Workflow can be used in many scenarios. For example, in a multi-environment application delivery scenario, you can define the delivery sequence and preconditions for different environments. KubeVela’s workflow is cD-oriented and declarative, so it can be directly connected with CI systems (such as Jenkins, etc.) as A CD system, or embedded into the existing CI/CD system as an enhancement and supplement. The landing method is very flexible.

Workflow is composed of a series of steps on a model, and each Step is an independent capability module whose specific types and parameters determine the capabilities of a specific Step. In version 1.1, KubeVela’s built-in Step is already rich and easy to extend, helping users easily connect with existing platform capabilities and make seamless migration.

Application-centric cloud resource delivery

KubeVela is designed from an “application-centric” perspective, so it helps developers manage cloud resources better and more easily in a completely Serverless manner, rather than juggling a variety of cloud products and consoles.

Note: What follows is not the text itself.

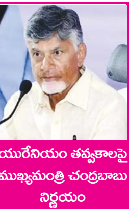
యురేనియం తవ్వకాలపై ముఖ్యమంత్రి చంద్రబాబు నిర్ణయం

అమరావతి, నవంబరు 12 (ఆంధ్రప్రదేశ్): కర్నూలు జిల్లాలో యురేనియం తవ్వకాలపై రాష్ట్ర ప్రభుత్వం కీలక నిర్ణయం తీసుకుంది. యురేనియం తవ్వకాలు ఆపేయాలని ముఖ్యమంత్రి చంద్రబాబు ఆదేశించారు. ప్రజల ఆందోళనల దృష్ట్యా తవ్వకాలు నిలిపివేయాలని సీఎం ఆదేశించారు.

In terms of implementation, KubeVela integrates Terraform as a built-in cloud resource orchestration tool, and supports the deployment, binding and management of hundreds of different types of cloud services by various cloud vendors with a unified application model.

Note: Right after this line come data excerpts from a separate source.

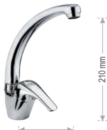
F 42 2 C Miscelatore monocomando per lavello, con bocca alta girevole, modello corto. Single-lever one-hole sink mixer, with high movable spout, shorter model.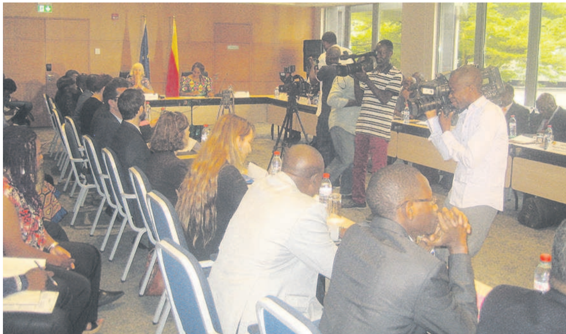
Les participants lors des travaux

En effet, le logiciel de vérification de la légalité du bois sera installé avant fin mai 2017, et hébergé au ministère des Finances. Le déploiement du logiciel SIVL va s'opérer de manière progressive, notamment par l'amélioration évolutive du système jusqu'à août 2017, la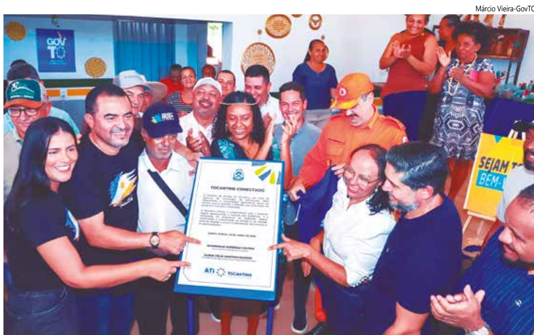
Governador Wanderlei Barbosa-projeto Tocantins Conectado.

Na comunidade, a nova conexão já começa a impactar o cotidiano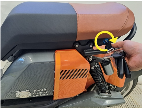
Avaa penkinlukitus avaimella.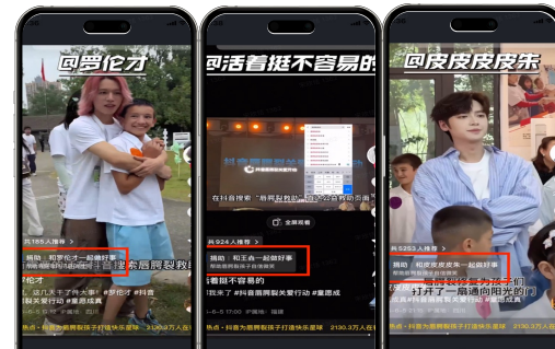
达人公益内容抖音累计播放量1.57亿，获赞620万

超人气IP皮卡丘和奶龙携周边礼物参与夏令营活动，现场与小朋友惊喜互动。抖音创作者们也化身小课老师和助教，陪孩子们学习口型和呼吸节奏，进行发音练习，并一起做小游戏。

In terms of usage, KubeVela currently divides cloud resources into the following three categories:

  • As components: database, middleware, SaaS services, etc. For example, The Alibaba-RDS service in KubeVela falls into this category
  • As operation and maintenance features: such as log analysis, monitoring visualization, monitoring and alarm services
  • As application running infrastructure: Kubernetes managed cluster, SLB load balancer, NAS file storage service, etc

Easier landing of GitOps continuous delivery practices

As a declarative application delivery control plane, KubeVela is naturally available in the form of GitOps (either alone or with tools like ArgoCD), And it can provide more end-to-end capabilities and enhancements to GitOps scenarios, helping the GitOps concept land in the enterprise in a more user-friendly and practical way. These capabilities include:

  • Define the application delivery workflow (CD pipeline)
  • Handles dependencies and topologies during deployment
  • Simplify application delivery and management by providing a unified upper level abstraction over the semantics of existing GitOps tools
  • Declare, deploy, and bind cloud services in a unified manner
  • Provide out-of-the-box delivery strategies (Canary, blue-green releases, etc.)
  • Provide out-of-the-box mixed environment/multi-cluster deployment strategies (placement rules, cluster filtering rules, cross-environment Promotion, etc.)
  • Kustomize-style patches are provided in multi-environment delivery to describe deployment differences without the user learning any details of Kustomize itself

KubeVela version 1.2 is coming

The goal and vision of the Kubevela project is to continue to build a natural enterprise application operating system for a hybrid environment and to allow developers to enjoy the process of delivering applications. In the upcoming 1.2 release, KubeVela will bring application-centric control panel UI to facilitate enterprise application assembly, distribution, and delivery processes, providing developers with a simpler application delivery experience, while covering more usage scenarios such as edge application delivery.